# Snocks? Good Idea??



## Nivek (Jan 24, 2008)

You've made a grave mistake


----------



## wrathfuldeity (Oct 5, 2007)

good idea...like a condom with a hole or that is only half on


----------



## pennera (Nov 5, 2018)

Sometimes half a condom is all you need  

Seriously though, it seems to work and keeps my wax super fresh.


----------



## wrathfuldeity (Oct 5, 2007)

what about the tail


----------



## pennera (Nov 5, 2018)

I don't get a lot of road spray on the back.


----------



## wrathfuldeity (Oct 5, 2007)

pennera said:


> I don't get a lot of road spray on the back.

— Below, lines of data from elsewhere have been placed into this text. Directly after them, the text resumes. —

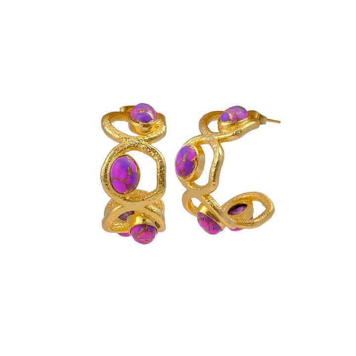 Handmade Bohemian Mohave Copper Turquoise Gold-Plated Brass Hoops Statement Stud Earrings for Women
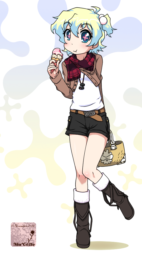 oso (toolate), amanita fuliginea, original, oso-teki kinoko gijinka zukan, 1girl, brown hair, female focus, headphones, midriff, mushroom, open clothes, open shirt, personification, red eyes, shirt, short hair, solo
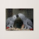 Um belo e jovem par de papagaios de cinzas africanas beijando brincalhão. Fotografia animal por Susan.
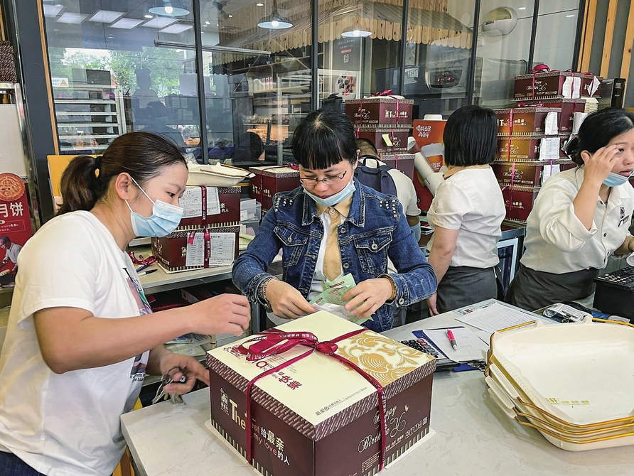 在市区人民中路的蛋糕店,不少市民订购蛋糕,为母亲庆祝节日,感恩母亲。 茂名日报社全媒体记者李颜东摄
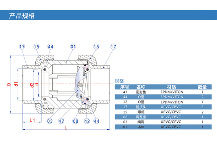 颜色 | 7)UPVC(深灰色),CPVC(浅灰色),PPH(米黄色),PVDF(象牙色) | ||
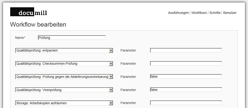 - Schritte: Einbindung und Konfiguration von Softwarekomponenten und Diensten, die gekapselt als einzelne Verarbeitungsschritte in einem Ingest-Workflow verwendet werden können (Menupunkt nur sichtbar, wenn mit Administratorrechten angemeldet).
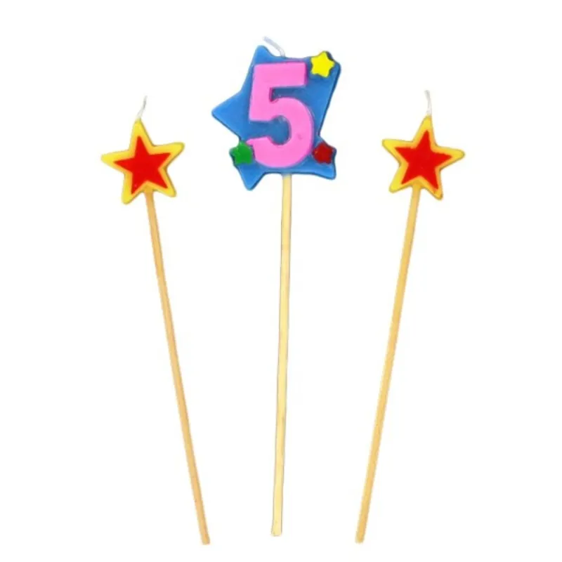Donnez de la hauteur et du volume à votre gâteau d’anniversaire, avec cet ensemble de 3 Bougies d’anniversaire chiffre n° 5 et étoiles, comprenant une bougie chiffre sur pique et 2 bougies étoiles sur pique à planter sur le gâteau.

you must got hella mud flaps


----------



## Kenai (Dec 15, 2013)

pennera said:


> Check out this new company from Denver. I use mine every time but I want to see what everyone else thinks... and yes, IT WORKS!
> 
> 
> 
> The company is called The Snowboard Sock, if you google Snowboard Snock it should come up.




You came on here just to pitch a [shitty] product and not be part of the community. Get fucked. 


Sent from my iPhone using Tapatalk


----------



## basser (Sep 18, 2015)

yeah it's a no from me


----------



## 16gkid (Dec 5, 2012)

I hate you so much


----------



## freshy (Nov 18, 2009)

Did the OP grow up selling pot? Cause an eighth of board bag seems like a half baked idea.


----------



## Rip154 (Sep 23, 2017)

lol/10char


----------



## SlvrDragon50 (Mar 25, 2017)

I'd rather get a full sleeve.


----------



## drblast (Feb 28, 2017)

When I was in the Navy we called these the "duty sock."

It was never a good idea.


----------



## Manicmouse (Apr 7, 2014)

I like my current snowboarding socks just fine thanks.


----------



## Snow Hound (Jul 21, 2012)

Haha didn't even bother to read a few posts before spamming with your useless rubbish?

What an idiot.

Someone posted a link to Jimmy Protection recently which looks way better and still pretty much pointless:

http://www.jimmyprotection.co.uk


----------



## MrDavey2Shoes (Mar 5, 2018)

what does it even do?
...wait dont answer that... I dont care


----------



## wrathfuldeity (Oct 5, 2007)

MrDavey2Shoes said:


> what does it even do?
> ...wait dont answer that... I dont care


It keeps yer nose clean...apparently yer tail doesn't get dirty.


----------



## chomps1211 (Mar 30, 2011)

wrathfuldeity said:


> It keeps yer nose clean...apparently yer tail doesn't get dirty.


:blink:

...so you mean to tell me I've been wiping the wrong end??

:blink:


----------



## MrDavey2Shoes (Mar 5, 2018)

wrathfuldeity said:


> It keeps yer nose clean...apparently yer tail doesn't get dirty.


not for me! I prefer a little snow on my nose, especially around 2 am..


----------